Sri Aurobindo – Letters on Yoga – I: CWSA, Vol. 28, p. 532
…. The soul comes into birth for experience, for growth, for evolution till it can bring the Divine into matter. It is the central being that incarnates, not the outer personality—the personality is simply a mould that it creates for its figures of experience in that one life. In another birth it will create for itself a different personality, different capacities, a different life and career.
….
Another thing. It is not the personality, the character that is of the first importance in rebirth—it is the psychic being who stands behind the evolution of the nature and evolves with it. The psychic when it departs from the body, shedding even the mental and vital on its way to its resting place, carries with it the heart of its experiences,—not the physical events, not the vital movements, not the mental buildings, not the capacities or characters, but something essential that it gathered from them, what might be called the divine element for the sake of which the rest existed. That is the permanent addition, it is that that helps in the growth towards the Divine.
Sri Aurobindo – Letters on Yoga – I: CWSA, Vol. 28, pp. 543 – 44
A Heart was felt in the spaces wide and bare,
A burning Love from white spiritual founts
Annulled the sorrow of the ignorant depths;
Suffering was lost in her immortal smile.
A Life from beyond grew conqueror here of death;
To err no more was natural to mind;
Wrong could not come where all was light and love.
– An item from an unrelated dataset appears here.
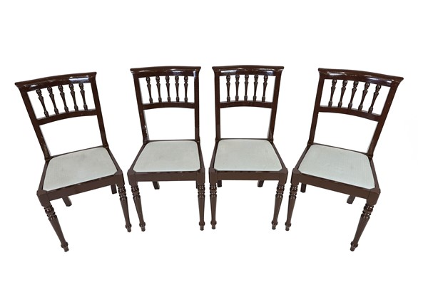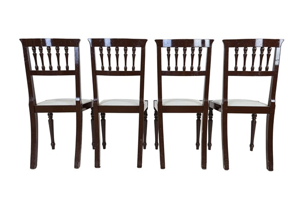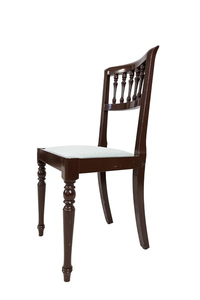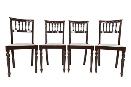 Gruppo di quattro sedie in legno verniciato con schienale traforato (difetti)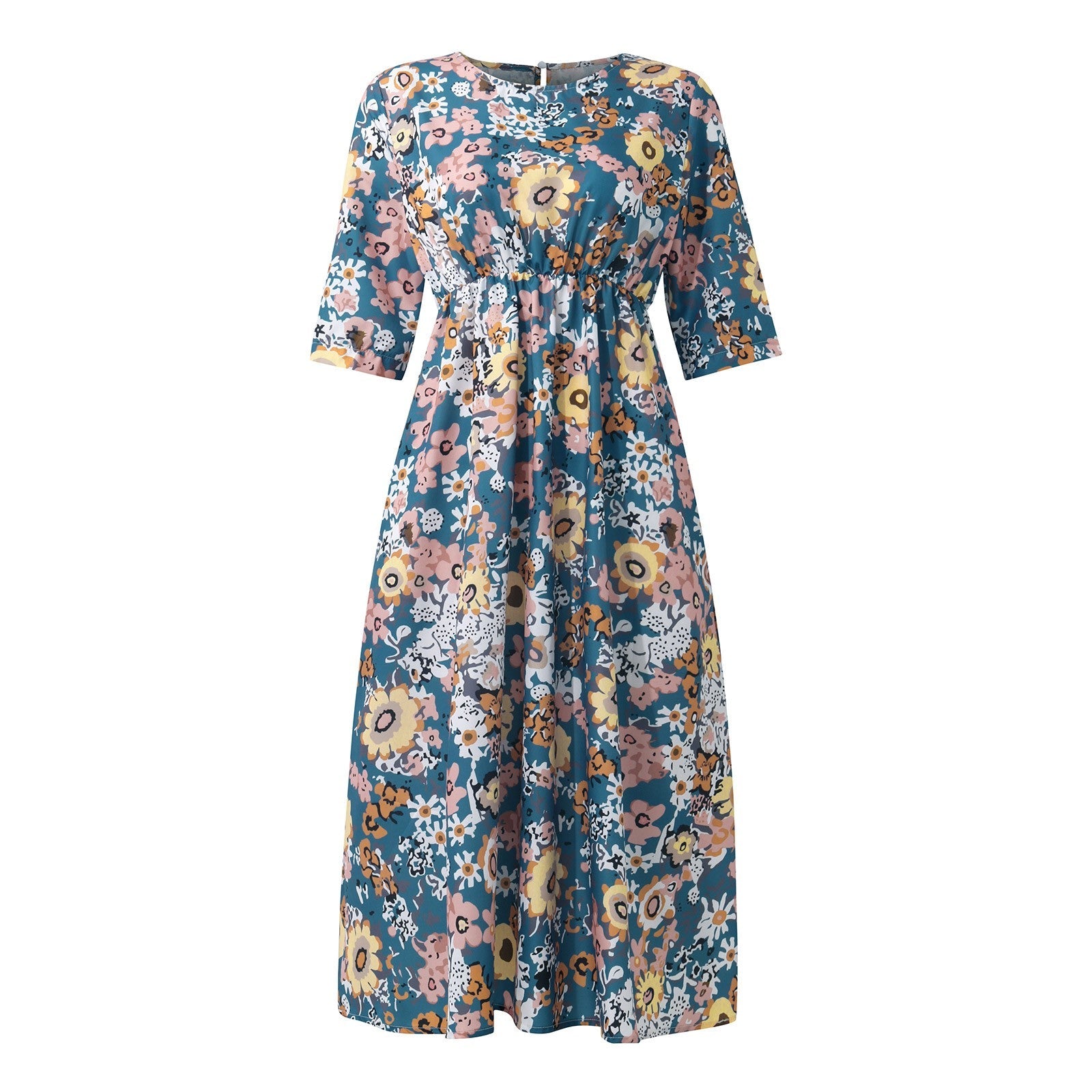 Sie erhalten den Eindruck einer eleganten Dame Kombinieren Sie dieses Kleid mit Bohemian-Print mit schmalen High Heels und einer auffälligen Handtasche. Großes Saumdesign kann Ihre Figur optisch schlank und voller Attraktivität machen. Das Rundhalskleid mit halblangen Ärmeln für Damen ist sehr schlicht und lässig.

Sri Aurobindo – Savitri: CWSA, Vol. 33 , Book Three, p. 313
The Fear of Death
Death wanders through our lives at will, sweet Death
Is busy with each intake of our breath.
Why do you fear her? Lo, her laughing face
All rosy with the light of jocund grace!
A kind and lovely maiden culling flowers
In a sweet garden fresh with vernal showers,
This is the thing you fear, young portress bright
Who opens to our souls the worlds of light.
Is it because the twisted stem must feel
Pain when the tenderest hands its glory steal?
Is it because the flowerless stalk droops dull
And ghastly now that was so beautiful?
Or is it the opening portal’s horrid jar
That shakes you, feeble souls of courage bare?
Death is but changing of our robes to wait
In wedding garments at the Eternal’s gate.
Sri Aurobindo – Collected Poems: CWSA, Vol. 2, p. 219
Life and Death
Life, death,—death, life; the words have led for ages
Our thought and consciousness and firmly seemed
Two opposites; but now long-hidden pages
Are opened, liberating truths undreamed.
Life only is, or death is life disguised,—
Life a short death until by life we are surprised.